April 20, 2006 10:12 AM PDT

U.S. attorney general calls for 'reasonable' data retention

ALEXANDRIA, Va.--The failure of some Internet service providers to retain user logs for a "reasonable amount of time" is hampering investigations into gruesome online sex crimes, U.S. Attorney General Alberto Gonzales said Thursday, indicating that new data retention rules may be on the way.

"The investigation and prosecution of child predators depends critically on the availability of evidence that is often in the hands of Internet service providers," Gonzales said in a morning speech to staff at the National Center for Missing and Exploited Children headquarters here.

"Record retention by Internet service providers (that is) consistent with the legitimate privacy rights of Americans is an issue that must be addressed," he added.

CNET News.com was the first to report last June that the Justice Department was quietly shopping around the idea of legally required data retention. In a move that may have led to broader interest inside the United States, the European Parliament last December approved such a requirement for Internet, telephone and voice over Internet Protocol (VoIP) providers.

Congress is now considering policy changes, as News.com reported last week. At least one U.S. House of Representatives leader indicated he is mulling legislation that would require data retention. The topic surfaced at two hearings--convened recently by a House subcommittee--about online sexual exploitation and child pornography. Investigators of Internet sex crimes said they would like to see at least several months--and ideally, a year or more--of mandatory records retention.

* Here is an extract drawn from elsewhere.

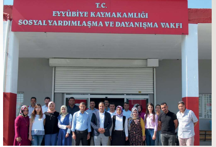
Şanlıurfa Eyyübiye SASF

Can you give information about the coordination / cooperation between Eyyübiye SASF and the cooperated institutions during the implementation process of ESSN Programme?

The Justice Department and the Federal Bureau of Investigation took heat from subcommittee politicians for failing to send representatives to either hearing. Gonzales' talk was likely an attempt to show that the Bush administration is serious about taking new steps to root out child pornography. His remarks focused largely on what he termed an "epidemic" in the movies and images depicting the sexual abuse of children, exacerbated by the Internet's ability to create an anonymous haven for pedophiles.

The attorney general didn't indicate how long of a data-retention period he would support or whether he favored new legislation enforcing such a requirement. He said he has asked Justice Department advisers to come up with recommendations and would "personally" call the CEOs of Internet service providers "to solicit their input and assistance."

Mandatory data retention remains a controversial topic. Privacy advocates generally fear that such a law would allow police to obtain records of e-mail chatter, Web browsing or chat-room activity that normally would have been discarded after a few months--or not kept in the first place. Right now, Internet service providers typically discard any log file they don't need for business purposes, such as network monitoring, fraud prevention or billing disputes.

Proposals for mandatory data retention tend to follow one of two paths. One approach would require businesses to record only the Internet address that is assigned to a customer at a specific time. The second version, which is closer to what Europe adopted, would call for retention of more information including telephone numbers dialed, contents of Web pages visited, and recipients of e-mail messages.

The idea has drawn concern from the Internet service providers themselves, which worry about costs associated with storing the massive amounts of data and argue that existing laws give police sufficient tools to conduct investigations.

A 1996 federal law called the Electronic Communication Transactional Records Act requires ISPs to retain any "record" in their possession for 90 days "upon the request of a governmental entity"--a practice known as "data preservation."

Another federal law requires Internet providers to report online child pornography to the National Center for Missing and Exploited Children's tip line, where analysts are charged with forwarding reports to the appropriate police agency. An ISP's failure to make such reports carries a steep fine, and the Justice Department is floating a proposal with Congress that would add criminal penalties.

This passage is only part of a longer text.